If you use a hash table with n buckets and one item per bucket and the input is random, then at least 63% of the distinct numbers in the input will fall into cases 1 or 2 in expectation. Increasing table size or bucket size improves this part of the math.
On really big inputs, it's probably still healthy to do a pass or two of radix sort so that the hash table accesses are cheap.
Do I understand correctly, that the data being tested is fully random? If so I'd be curious to see how the results change if a Zipfian distribution is used. I don't have hard data for sorting specifically, but I suspect the majority of real-world data being sorted - that isn't low cardinality or already nearly or fully sorted - to follow a Zipfian distribution rather than true randomness. The Rust std lib sort_unstable efficiently filters out common values using the pdqsort repeat pivot flip partition algorithm.
One important trick is ruling out cases where what you said is nonsense. That can't be what you meant so by ruling it out we're helping you fall into the pit of success and Rust does an admirable job of that part.

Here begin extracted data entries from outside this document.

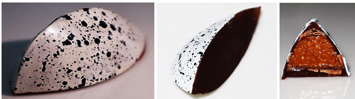
Figure 3. Praline With Kacang Kapri Daun Jeruk: A Distinctive Balinese Souvenir (Dark Chocolate)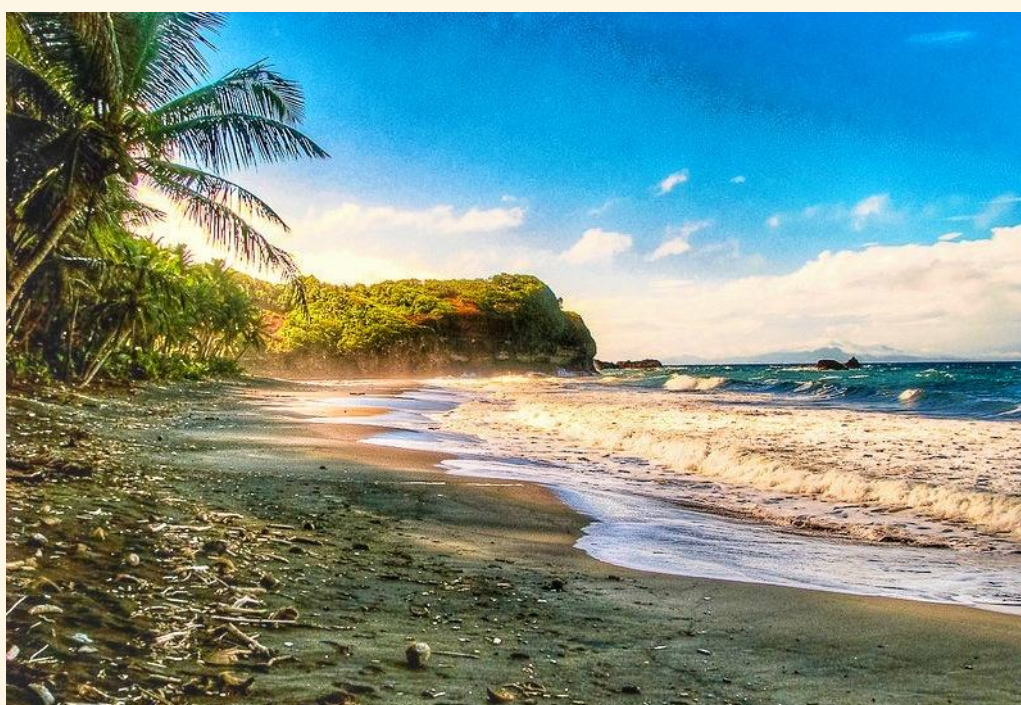
Number One Beach, where a scene from Pirates of Caribbean was filmed – under 20-minute drive from proposed site

DISCOVER DOMINICA: Provides hospitality and tourism certification, ensuring compliance with industry standards and enhancing the project's marketability.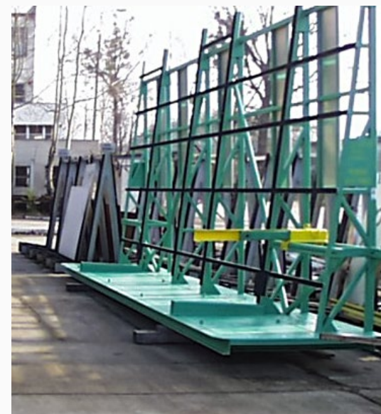
Glass transport pallet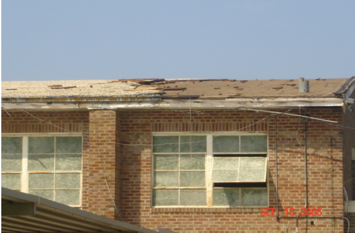
Gym roof damage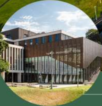
Health Innovation Campus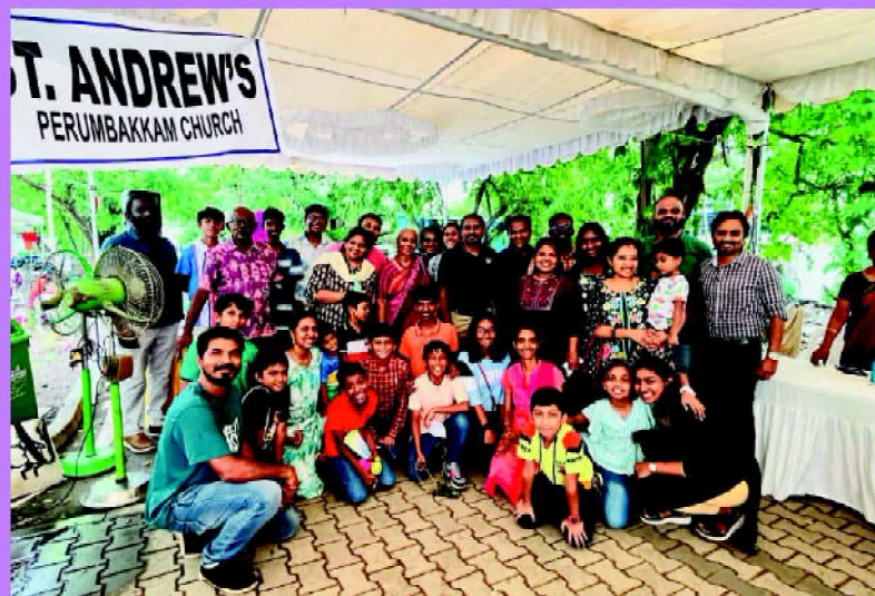
A team from the Kirk Women's Fellowship at one of their stalls.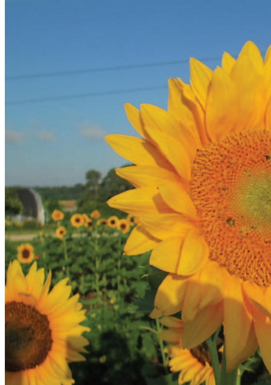
Sunflower 'ProCut Gold'

Good Qualities: Bright and sunny yellow color with a dark center (9); A vibrant, sunny yellow vs. more traditional "orange" suns like 'ProCut Orange', 'Sunrich Orange', etc.; 4½-5" blooms; Shape; Early blooming, medium sized flower; Probably my favorite ProCut, very consistent bloom and harvest time, also harvested in October in about 48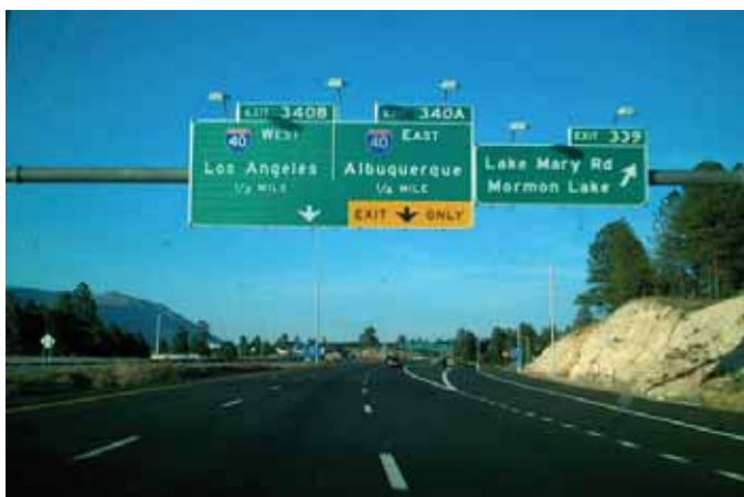
I-17/I-40 JUNCTION IN FLAGSTAFF

ADOT advises drivers on I-17 to slow down and be aware of changes in temporary lane markers and traffic flow.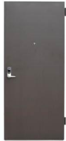
Euro-type Entrance Door SLE-003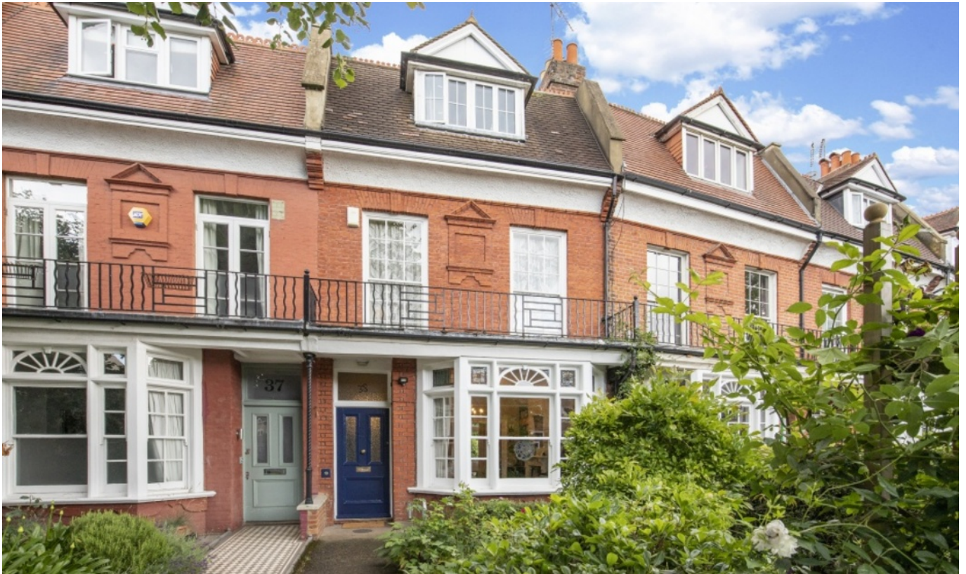
ASHCHURCH GROVE W12 • ASHCHURCH AREA £1,750,000 FREEHOLD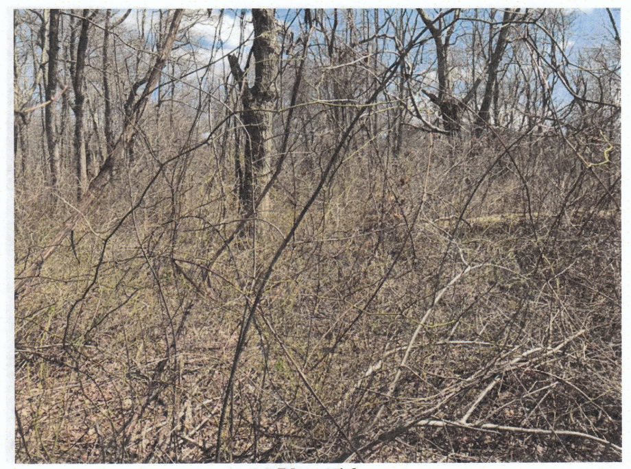
Photo 16 Looking E into lot from photo point 16/E most accessible point in lot Photographed by Kyle R. Hess Narragansett, Rhode Island, 18 April 2018

Warms fot boundary/stone wall from photo point I Nurtographed by Kyle R. Hess Narraganset, Rhode Jalaid, 18 April 2018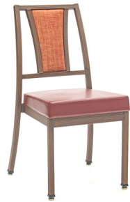
STACKABLE BANQUET CHAIR GTW-101

Seat Height: 19.0 in Seat Width: 17.0 in Seat Depth: 18.0 in Overall Height: 36.0 in Overall Width: 19.5 in Overall Depth: 24.5 in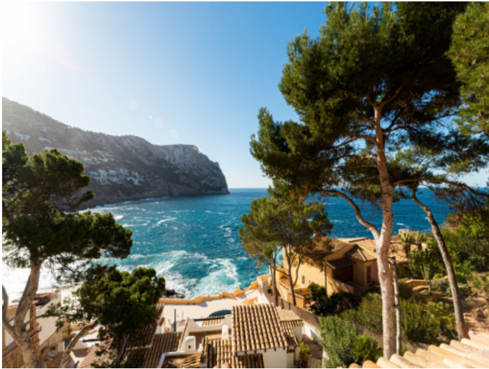
Beautiful sea views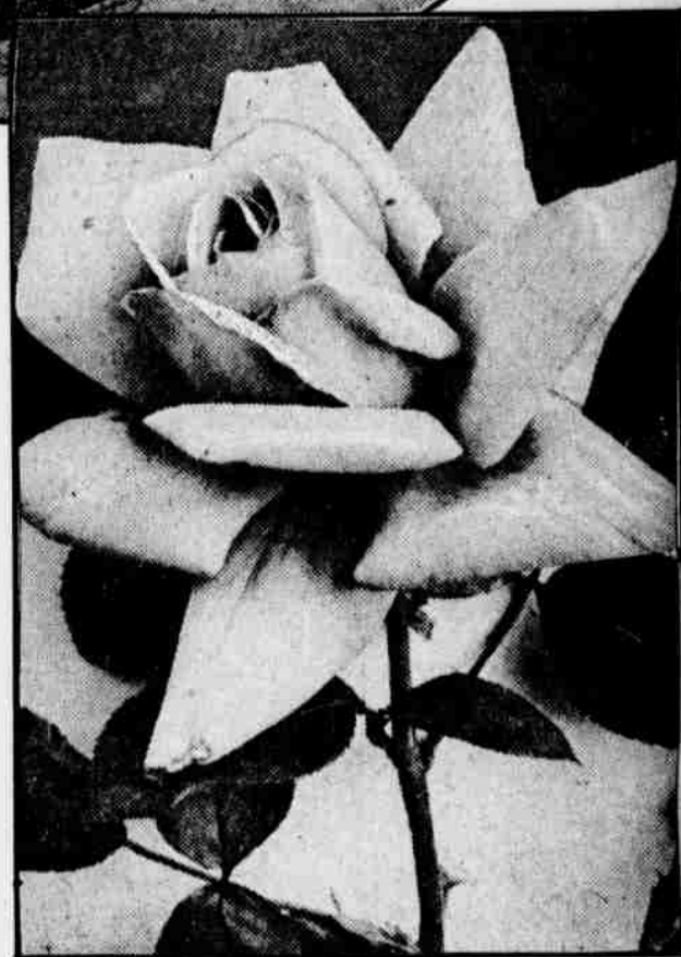
THEY ARE REAL AMERICAN BEAUTIES Roses of that name surround the little maiden, while below them is the "Los Angeles," also to grace the National Rose Festival, which opens tomorrow.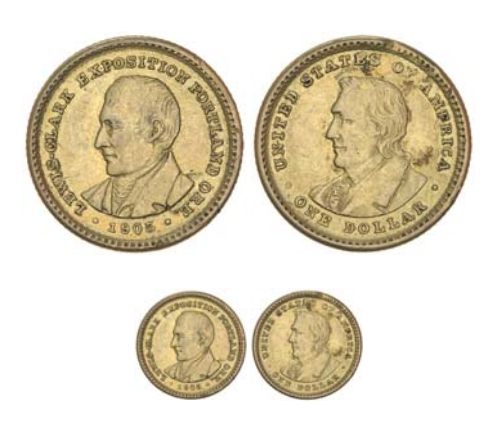
3814* USA, commemorative gold dollar, 1905 Lewis and Clark Exposition. Slight damage from mis-handling, otherwise good very fine. $300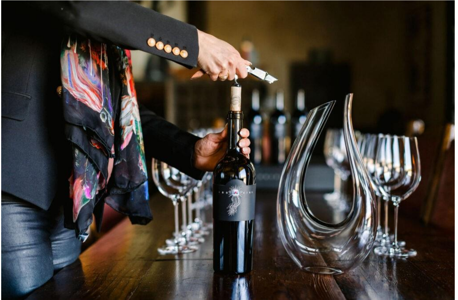
Immortal Estate 100-Point Experience.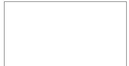
IJ3730-50 Inkjet printable film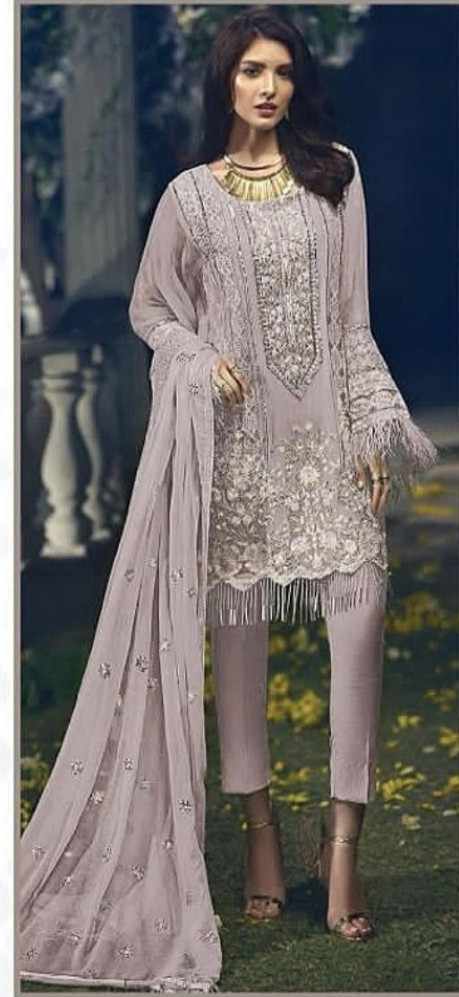
D.NO.1374 C 6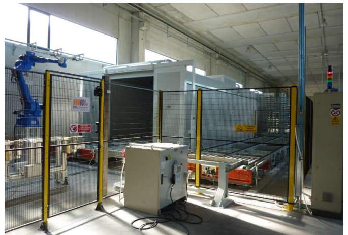
Automatic MTT for robot production in special industrial treatment

Unfortunately because of Rice we must also rule out some cases where what you said wasn't nonsense when we do this. Hopefully not too many. It's pretty annoying when this happens, however, it's also logically impossible to always be sure, Rice again - maybe what you wrote was nonsense after all. So I find that acceptable.
For me Rust rarely hits the sweet spot since there are easier languages for high level programs (python, C#, Swift...) and for low level programs you usually want to do unsafe stuff anyway.
I can see usefull applications only where you cannot have a garbage collector AND need a safe high level language. Even there Swift's ARC could be used.
By definition the Undefined Behaviour can't have been what you meant. So, all the languages where you can just inadvertently "say" Undefined Behaviour aren't meaningfully achieving this goal.
I must say I'm also extremely dubious about some defined cases. Java isn't UB when we try to call abs() on the most negative integer... but the answer is just the most negative integer again, and I wonder whether that's what anybody meant.
Or the "why we can't have nice things" theorem. Colloquially, anything interesting about a Turing-complete program is unprovable. You may have proved specific instance of this if you went through a formal computer science program and reduced problems like "this program never uses more than X cells on the tape" to the halting problem.